● Extracted information
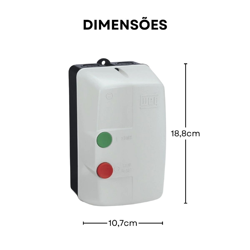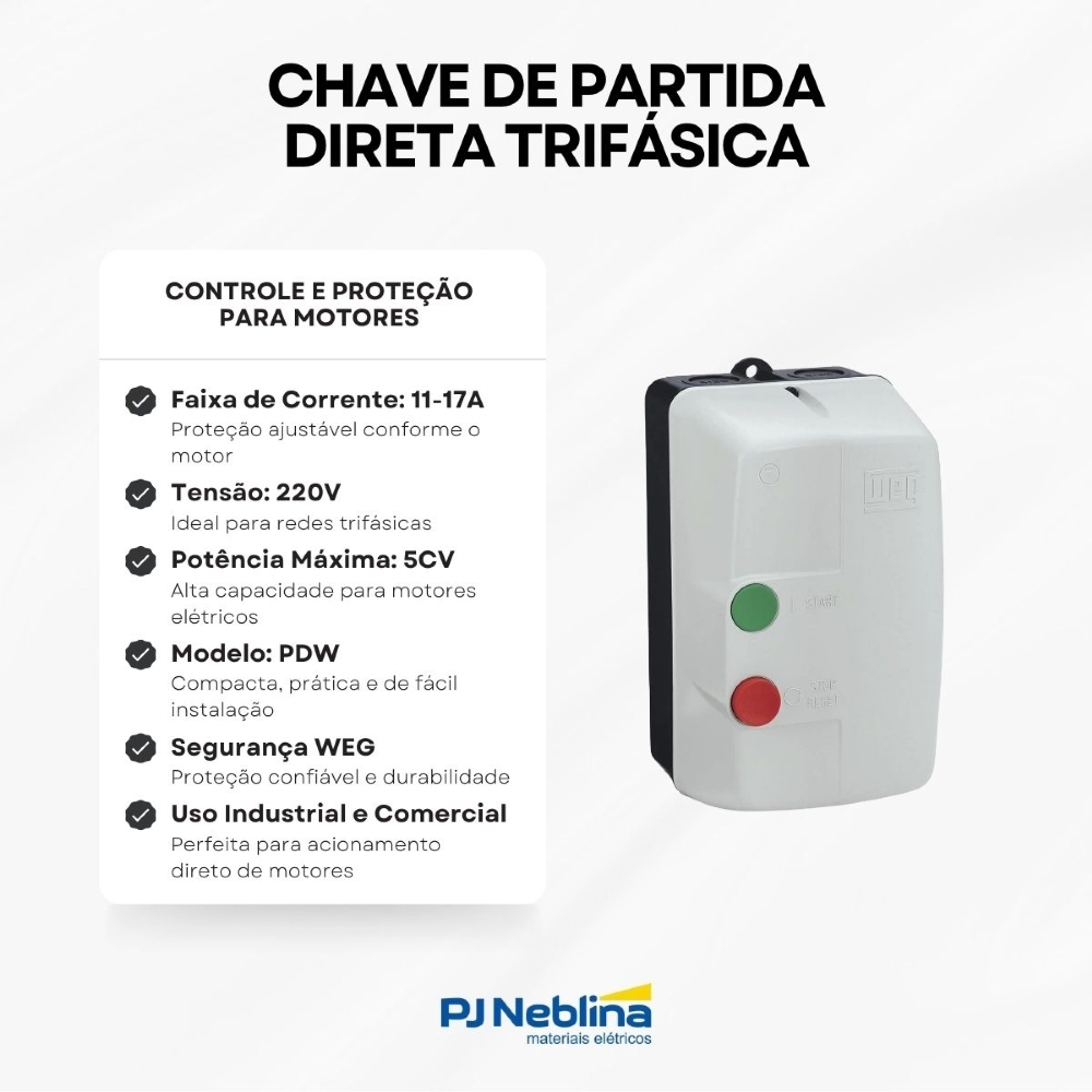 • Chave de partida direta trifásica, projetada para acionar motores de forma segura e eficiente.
==
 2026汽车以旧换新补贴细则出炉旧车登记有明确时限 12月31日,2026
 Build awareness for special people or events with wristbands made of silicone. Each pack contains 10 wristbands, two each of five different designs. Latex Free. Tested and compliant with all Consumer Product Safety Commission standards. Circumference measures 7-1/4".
* * *
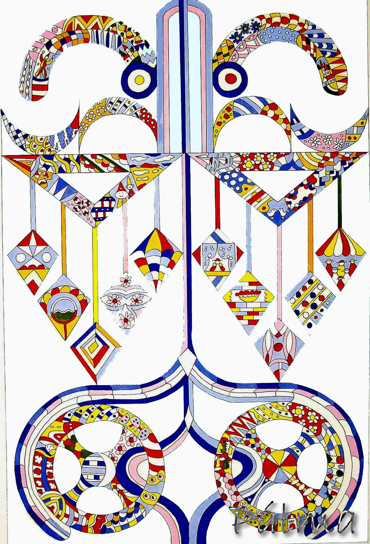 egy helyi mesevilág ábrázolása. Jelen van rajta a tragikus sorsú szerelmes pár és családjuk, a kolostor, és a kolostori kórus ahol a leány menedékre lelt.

● What is being asked
Copy the lines above exactly, beginning at the line that has "2026汽车以旧换新补贴细则出炉旧车登记有明确时限 12月31日,2026" and stopping after the line that has "Build awareness for", and omit the rest.

● Completed exercise
 2026汽车以旧换新补贴细则出炉旧车登记有明确时限 12月31日,2026
 Build awareness for special people or events with wristbands made of silicone. Each pack contains 10 wristbands, two each of five different designs. Latex Free. Tested and compliant with all Consumer Product Safety Commission standards. Circumference measures 7-1/4".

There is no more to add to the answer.